= TASK STATEMENT =
Once you reach the line with "Продолжаю заниматься корпусом" in the material below, copy each line exactly up to and including the line with "Treasures of the", and skip the pictures.

= TASK INPUTS =
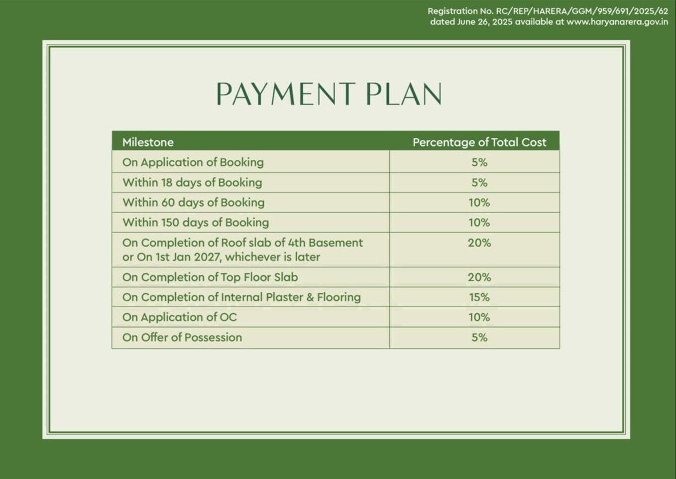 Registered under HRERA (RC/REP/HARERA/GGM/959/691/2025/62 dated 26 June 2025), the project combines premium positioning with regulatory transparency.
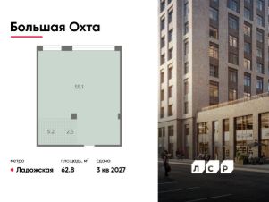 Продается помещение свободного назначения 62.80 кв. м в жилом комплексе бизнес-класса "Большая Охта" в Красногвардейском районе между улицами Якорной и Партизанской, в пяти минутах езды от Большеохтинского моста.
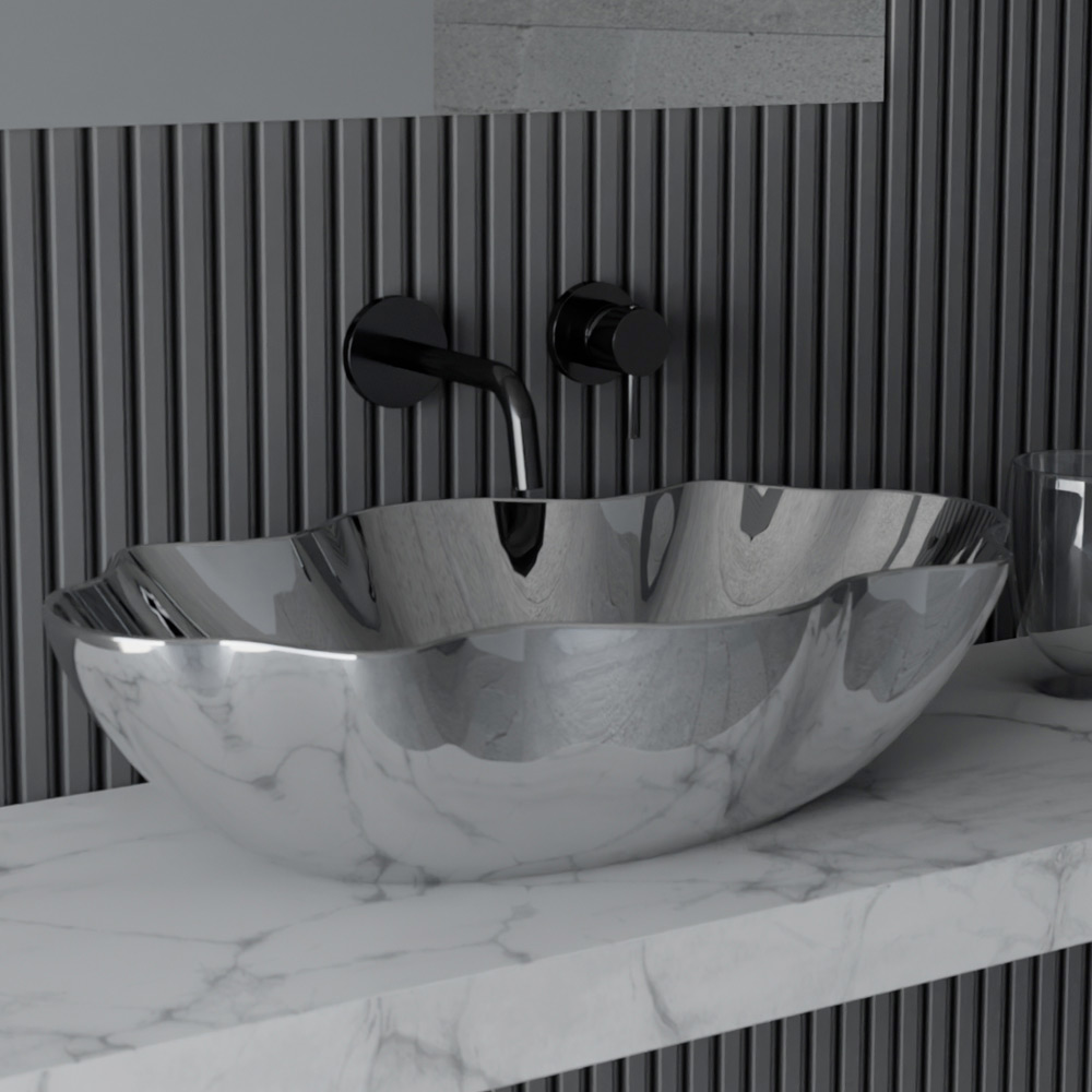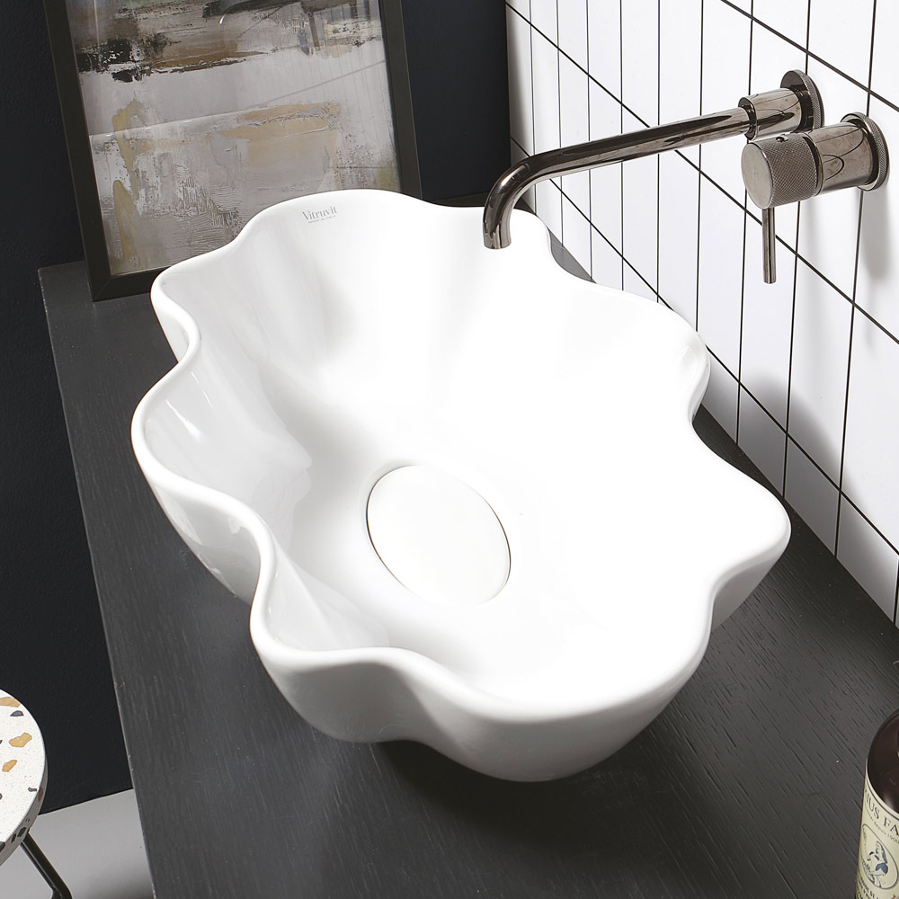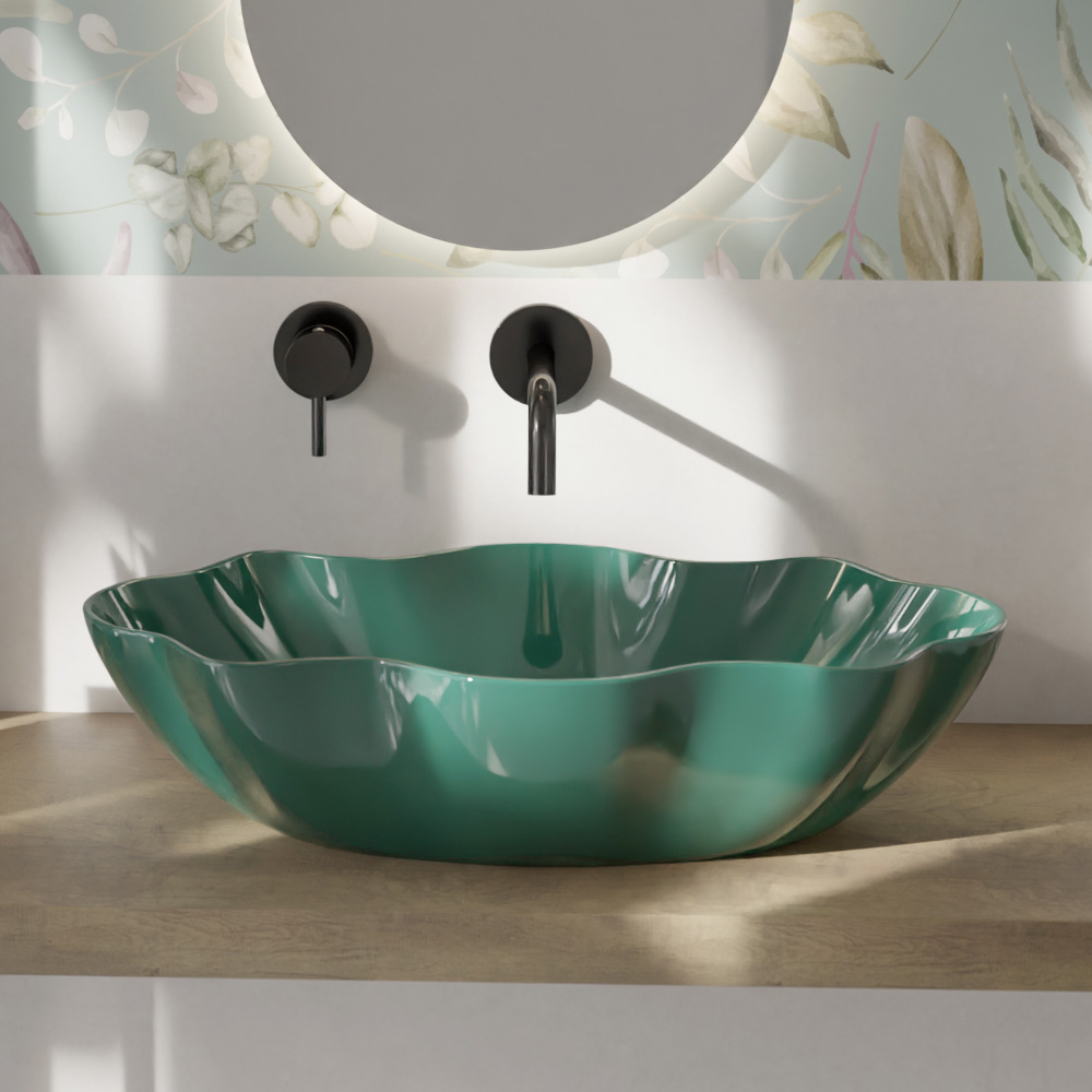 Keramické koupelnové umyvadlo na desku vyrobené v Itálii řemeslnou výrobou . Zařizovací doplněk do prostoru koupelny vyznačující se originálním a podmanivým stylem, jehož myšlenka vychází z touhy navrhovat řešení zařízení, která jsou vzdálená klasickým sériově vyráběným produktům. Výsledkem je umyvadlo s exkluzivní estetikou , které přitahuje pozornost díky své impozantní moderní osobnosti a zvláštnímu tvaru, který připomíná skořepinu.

==

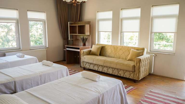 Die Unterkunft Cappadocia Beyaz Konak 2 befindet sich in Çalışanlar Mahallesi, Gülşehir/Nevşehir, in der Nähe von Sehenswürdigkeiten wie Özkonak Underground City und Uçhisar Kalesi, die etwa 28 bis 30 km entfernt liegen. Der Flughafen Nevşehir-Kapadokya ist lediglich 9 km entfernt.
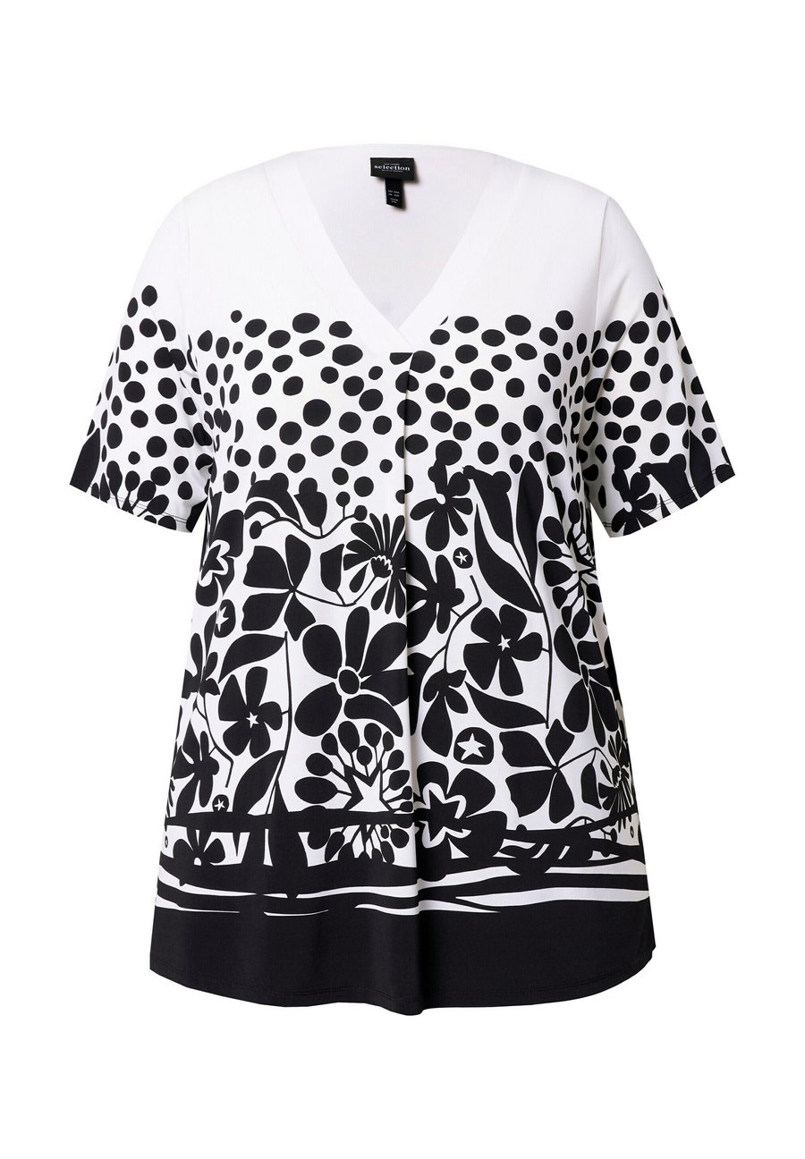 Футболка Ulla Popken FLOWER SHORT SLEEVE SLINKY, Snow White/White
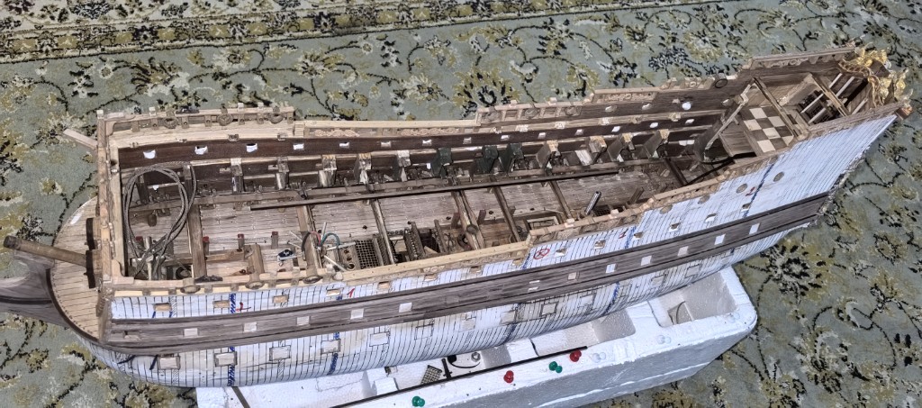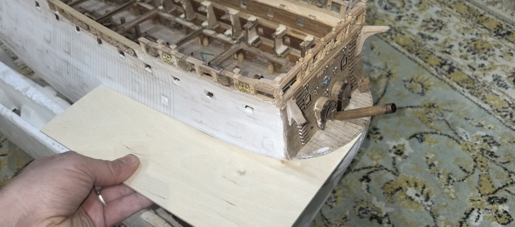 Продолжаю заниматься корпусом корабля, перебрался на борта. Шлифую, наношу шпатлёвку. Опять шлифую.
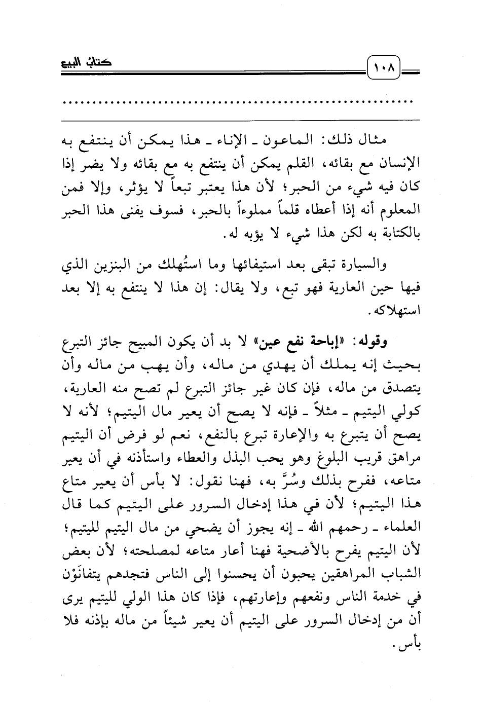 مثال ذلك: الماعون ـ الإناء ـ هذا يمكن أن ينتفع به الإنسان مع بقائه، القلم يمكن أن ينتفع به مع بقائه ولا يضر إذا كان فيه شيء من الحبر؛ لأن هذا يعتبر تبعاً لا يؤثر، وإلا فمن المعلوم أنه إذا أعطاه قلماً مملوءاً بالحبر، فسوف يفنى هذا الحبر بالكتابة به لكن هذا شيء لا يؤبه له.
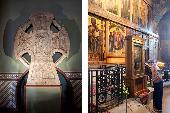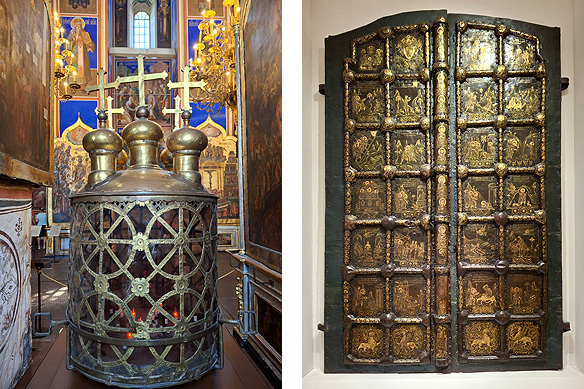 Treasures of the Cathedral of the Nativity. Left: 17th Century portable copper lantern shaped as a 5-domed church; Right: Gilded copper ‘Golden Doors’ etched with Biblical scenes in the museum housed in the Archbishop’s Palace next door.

= COMPLETED TASK =
 Продолжаю заниматься корпусом корабля, перебрался на борта. Шлифую, наношу шпатлёвку. Опять шлифую.
 مثال ذلك: الماعون ـ الإناء ـ هذا يمكن أن ينتفع به الإنسان مع بقائه، القلم يمكن أن ينتفع به مع بقائه ولا يضر إذا كان فيه شيء من الحبر؛ لأن هذا يعتبر تبعاً لا يؤثر، وإلا فمن المعلوم أنه إذا أعطاه قلماً مملوءاً بالحبر، فسوف يفنى هذا الحبر بالكتابة به لكن هذا شيء لا يؤبه له.
 Treasures of the Cathedral of the Nativity. Left: 17th Century portable copper lantern shaped as a 5-domed church; Right: Gilded copper ‘Golden Doors’ etched with Biblical scenes in the museum housed in the Archbishop’s Palace next door.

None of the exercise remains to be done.